In each of the studies, after about 150 participants have developed COVID-19, it is statistically possible to determine the vaccine's effectiveness. Almost 200 trial participants developed symptomatic COVID-19 in the Moderna trial, only 11 of whom had received the active vaccine. Because the infection rate was so much higher in the placebo group, statistical analysis determined that the vaccine was 94% effective overall, according to safety and effectiveness data released Dec. 15.
Pfizer/BioNTech reported on Nov. 18 that of 170 confirmed cases of COVID-19 among its trial participants, 162 were in the placebo group versus eight in the vaccine group. A safety and effectiveness report released Dec. 8 confirmed the findings.
In Moderna’s Phase 3 trials, the company said the most common side effects were fatigue, muscle soreness and aches, joint pain and headache, plus pain, redness or swelling at the injection site.
In Pfizer/BioNTech Phase 3 trials, many participants endured side effects for a day or two after getting their shots, particularly the second one. The most commonly reported side effect among vaccine recipients under age 55 was a sore arm, followed by fatigue (60% after the second shot); headache (52% after the second shot); other muscle aches (37%); and chills (35%). About 28% took pain medication after the first shot and 45% after the second shot.
Most of the U.S.-backed vaccines target the “spike protein” found on the surface of the virus that causes COVID-19, which allows the virus to attach itself to host cells and infect them.
Both of these vaccines work by presenting this spike protein to the immune system. The spike proteins aren’t dangerous because the rest of the virus isn’t present; however, the body now sees the protein and designs immune "soldiers" to fight it.

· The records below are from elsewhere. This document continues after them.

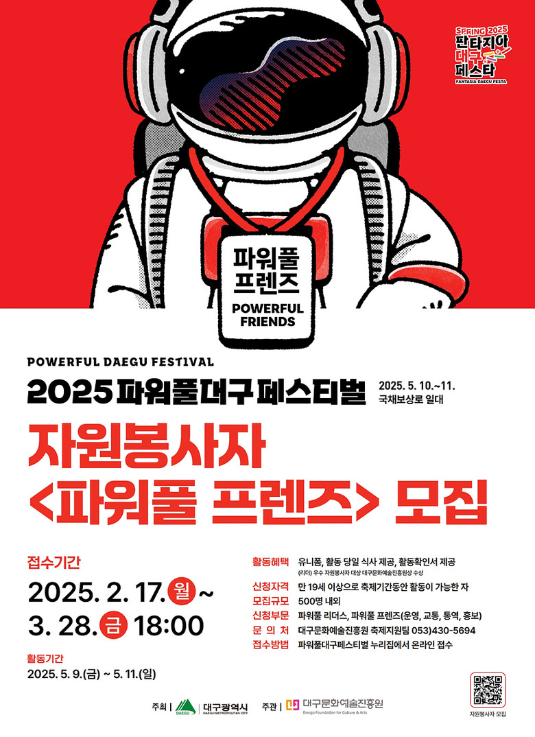 ▸ 리더스, 운영, 홍보, 통역, 교통의 5개 분야로 구성, 만 19세 이상 누구나 신청 가능 [세계타임즈=대구 한윤석 기자] (재)대구문화예술진흥원(원장 박순태, 이하 ‘문예진흥원’)은 2025년 파워풀대구페스티벌의 성공적인 개최를 위해 자원봉사자 ‘파워풀 프렌즈’를 2월 17일(월)부터 3월 28일(금)까지 공개 모집한다.
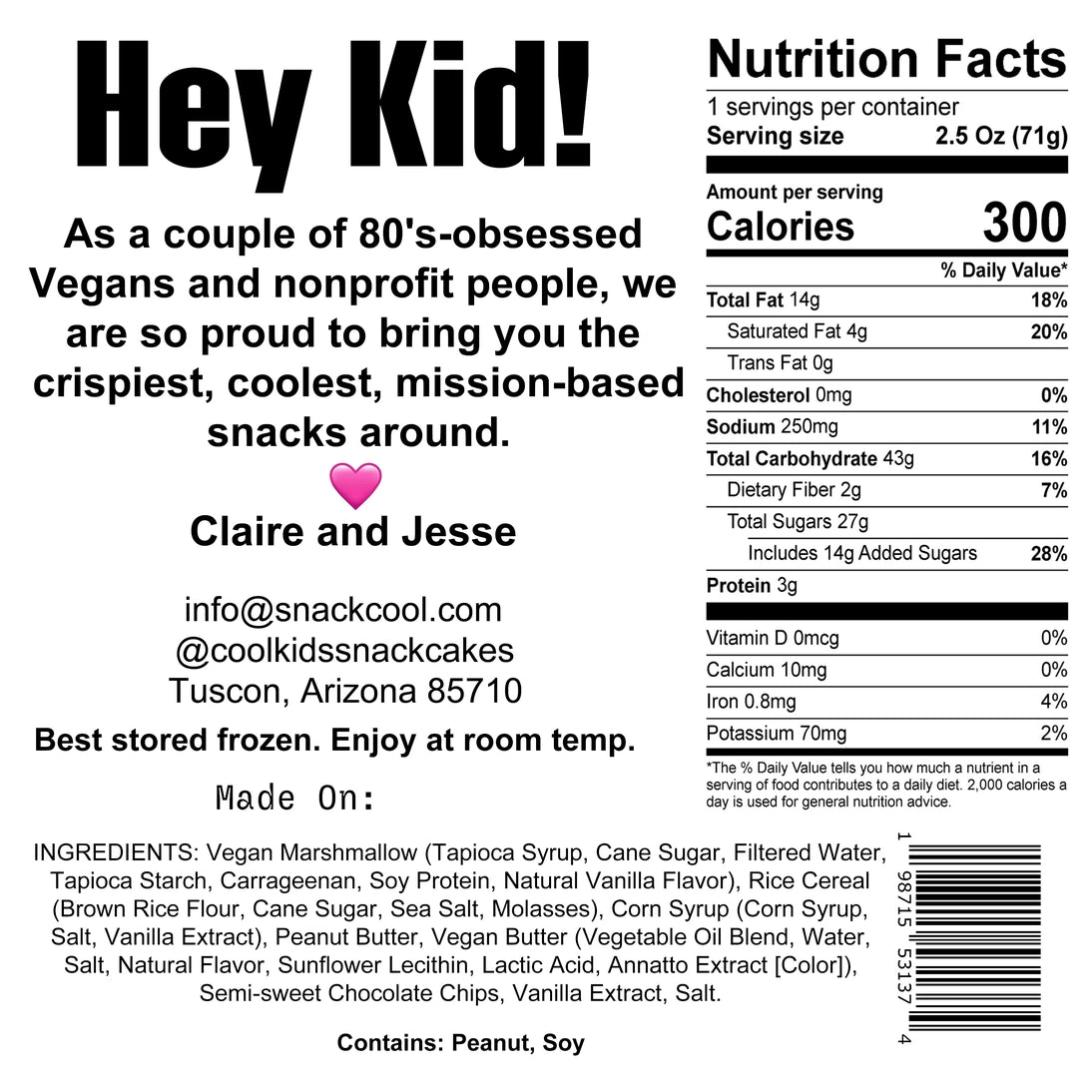 Ingredients: Rice cereal, sugar, vegan marshmallow, corn syrup, vegan butter, peanut butter, semi-sweet chocolate chips, vanilla extract, salt. *See photo for expanded ingredient list. Contains peanuts and soy.
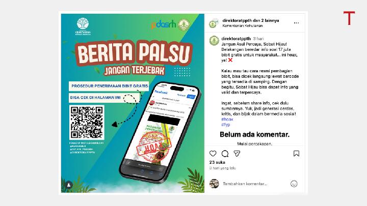“Belakangan beredar info soal 17 juta bibit gratis untuk masyarakat, ini hoax, ya,” dikutip dari akun PPTH @direktoratppth.
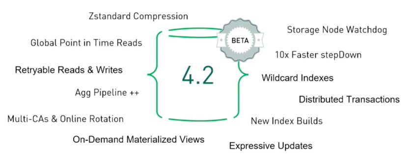 MongoDB 4.2 在查询语言的表达能力上进一步增强,update、aggregation、index 等方面都有巨大的提升,具体细节等 4.2 正式版文档发出可以详细了解。
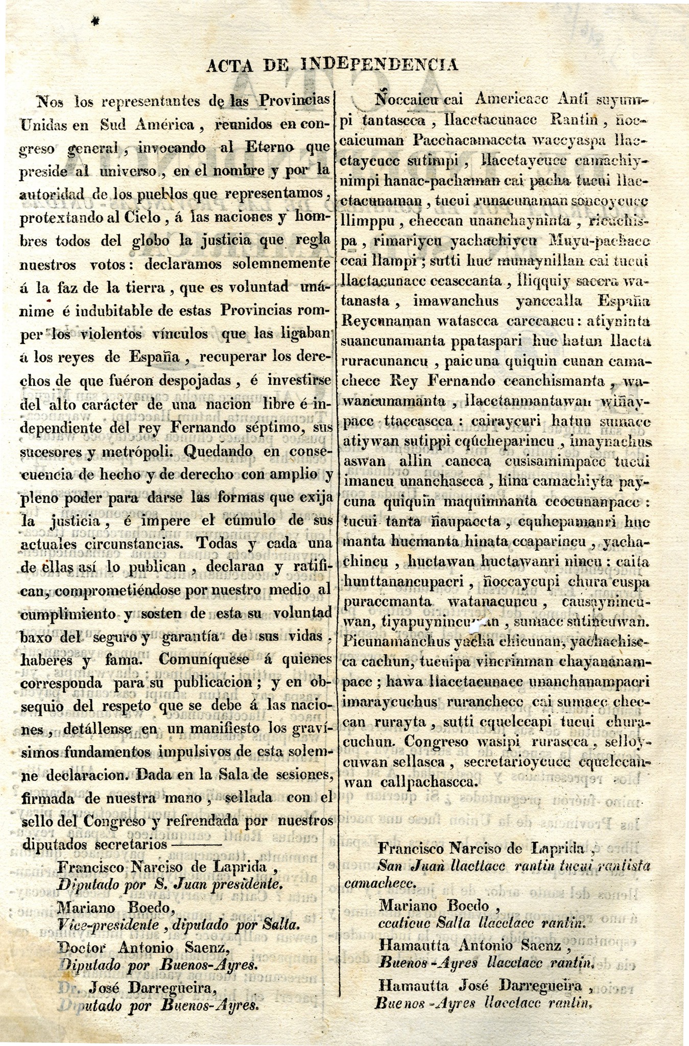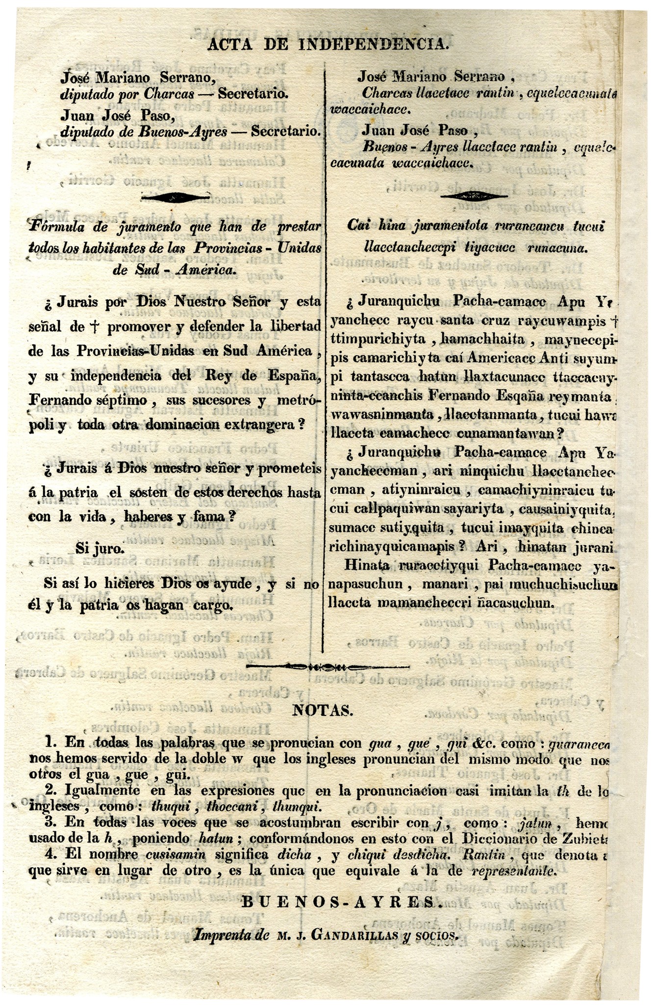 Cu sumace ancha camayoce san Mi guel Tucmanmanta hatum llacctapi, warancca= pusacc pachace chunca socctayocc watáec , ccanchis quillace isckon "ppunchaynimpi, Jacctanchecc:raycu cchawanancupaco Ha mauttacuna. hatun: tantacuy , congreso nis- ecapi tantascca , tucui _soncconcuwan , tu- cui yachaynincuwan unancharccancu ttacca- cuynincheccta cunan cama camachicquen- chece auccacunamanta : huc similla tucuy= neccpi llacctanchece eunaee eay ruracunan= ta” munasecaneu , uyaricun: , ue. munays Ha hinantiú ruraynincuwan , yuyaynincu- wan, Wañuy,, wañuy imunapayasccancuta sutti_ sutfipi. ricuohincu ; chaywampis, yu- yaspa cay hatun simipi casceanta paycu- nace , llaeetancunace , Wawancunacc Wá= wampapis cusisamin ; ú chiquin , Hamautta Ranticuna alliy dlliymanta huctawan huce- tawan cai hawa rimapecaneu. Allin allin- 'ta unanchaspañari ,.¿tapuseca . carccancu. ? Munanquichecechu tucui llacctacana piray= cuchus Ranti canquichecc España reycu- namanta ttaccacuspa , paycunace quiquin atiyninpi., camachiynimyi cquheparinan- cuta ? Caita uycariylawan s noa y USRCAS ta hatarispa : munaycunnispa eeaparineue ; aswan callpayoce cai sutti munaynincu ca- ñanpaceri Huemanta “huemanta munaycu nerccancu; tucuipa yachayninman chayanar- paceri cai hinata equelecarccanca, _Noscalen cai o a suy Nos los representantes de las -Provincias| Unidas en Sud América, Femnidos en con- yu caicuman a waccyaspa s ctaycucc sutimpi, llacctaycuce camachiy- nimpi hanac-pachzman cai pacha tucui llae- 'ctacunaman , tucui punaeunamaq soncoycuce greso” general; invocando, al Eterno que preside al universo., em el nombre y por la autoridad de los pueblos que representamos , protex xtando al Cielo, á las naciones y hom- bres todos del globo la justicia que regla nuestros votos: declaramos solemnemente á la faz de la tierra , que es voluntad -uná= nime é indubitable de estas Provincias rom- per “los: violentos: vínculos que las ligaban; á los reyes de España , recuperar los dere- chos de que fuéron despojadas > é investirse del alto carácter de una nacion libre é in- dependiente del rey Fernando séptimo, sus sucesores y metrópoli: Quedando, en conse- "cuencia de hecho" y de derecho: con amplio: y “pleno poder para darse làs formas que exija la justicia , é impere el cúmulo de sus actuales circunstancias. Todas ` y cada una de £llas así. lo, publican , declaran y ratifi- -cany comprometiéndose por nuestro medio al 'cumplimiento. y::sosten: de ::esta»su- voluntad baxo' del seguró y” garantía: desus «vidas , haberes y fama. Comuníquese "á quienes corresponda para su publicación ; y en ob- sequio del respeto que se debe á las nacio- nes ,. detállense ¿en un manifiesto los graví- - simos:fandamentos impulsivos de esta solem- ne declaracion.:Dada en la Sala de sesiones, firmada de nuestra mano , “sellada con: el ` sello del Congreso y pa por Srs diputados secretarios — : Francisco: Narciso de Laprida » Diputado por S, Juan presidente, Mariano Boedo, : Vice-presidente , diputado" por Salta, Doctor Antonio. Saenz, “ga por Buenos- Ayres. ° José Darregúcira, : putado por Buenos- Ayres. llimppu , eheccan unanchayninta , ricuchis> > pa, rimariycu yachachiycu Muyu-pael hace ccai llampr; sutti hué munaynillan cal tucui Mactacunace ceasccanta , lliqquiy sacera wa- tanasta , imawanchus yancealla España Reycunaman watascca carccancu: atiyninta suancunamanta ppataspari huc hatun llacta ruracunancu , paicuna quiquin cunan cama- chece Rey Fernando ceanchismanta , wa- wancunamánta ,:lacetanmantawan wiñay- pace «ttaccascca : cajraycuri hatua sumace atiywan sutippi egúcheparincu , imaynachus aswan allin .caneca eusisamimpaco tucui imancu unanchaseca , Hina camachiyta pay- cuna quiquin maquinmanta ceócananpace : tucui- tanta ñaupaecta , equhepamanri hue manta huemanta hinata ceaparincu , yacha- Chincu , huctawan huctawanri nincu : caita nto , ¡Hoccaycupi chura: euspa puracemanta, watanacuncu, Causpynincu- wan, tiyapuynincu“an , sumace sútitcuwan. Picunamánchus yacha einen yadhachise- ca cachun; tuenipa vincrinman chayanánam- pace ; hawa liacetaeunaee uranchanampacri imaraycuchus' ruranchece cai sumaee chec- can rurayta , sutti equelecapi tucui chura- cuchun. Congreso wasipi ruraseca , selloy= cuwan sellasca , e sonu equelecale wan Ca sapay ë Francisco Narciso de Laprida, San Juan llactlace rantina tucui santista camachece, Mariano Bocdo 3 ccaticuc Salta llacclace rantin. Hamautta Antonio Saenz , Buenos - Ayres lecclace rantín, Hamautta José Darregueira , Buenos - Ayres llaeelace rantin, = | j Mariano Serrano , Charcas llacetace rantin:, cquelecaciónala waccatchace. - ` * 5 - Juan José Paso , ] Buenos - Ayres llacetace rantin , equeles | eacunata rwaceaichace, Cat hina juramentola rurancance tucus Ulacctancheccpi tiyacuec runacuna. José Mariano Serrano, diputado por Charcas — Secretario. Juan José Paso, ` diputado de Buenos- Ares — Secretario. Fórmula de juramento que han de prestar todos los habitantes de las Provincias - Unidas de Sud - América. 2 ¿ Juranquichu Pacha-camace Apu Yz. yanchece raycu-santa cruz raycuwampis + ttimpurichiyta , hamachhaita , maynecepi- pis camarichi y ta caí Americace Anti suyun pi tantascca hatum. Haxtacunaco ttaccacuy: nintasccanchis Fernando Esqaña rey manta, wawasninmanta , llaeetanmanta , tucui hawa | Haceta:eamacheco conamantawan ? ¿ Juranquicha Pacha-camace Apu Ya. yanchecoman , ari ninquichu' Hacctanchee eman , atiyninraicu , camachiyninraicu tu: cui callpaquiwan:sayariyta , causainiyquita, sumace sutiyquita:, tucui imayquita ehinca: richinayquicamapis 2 Ari, hinatan jurani. Hinata ruracotiyqui Pacha-camace ya- napasuchun , mamari, pai mmuchuchisuchua Haccta mamancheccri ñacasuchun.

The Moderna and Pfizer vaccines deliver strands of genetic material known as mRNA, which turns people’s cells into spike protein factories. Since the Pfizer/BioNTech vaccine has been approved, health care workers and people in long-term facilities across the country have been lining up to get their scheduled vaccine.
A few high-profile politicians, such as Vice President Mike Pence and Florida Sen. Marco Rubio, were publicly vaccinated in hopes of instilling confidence in the vaccine. A CDC advisory panel decided Sunday that police, firefighters, teachers, and grocery workers will be among the next in line for a COVID-19 vaccine.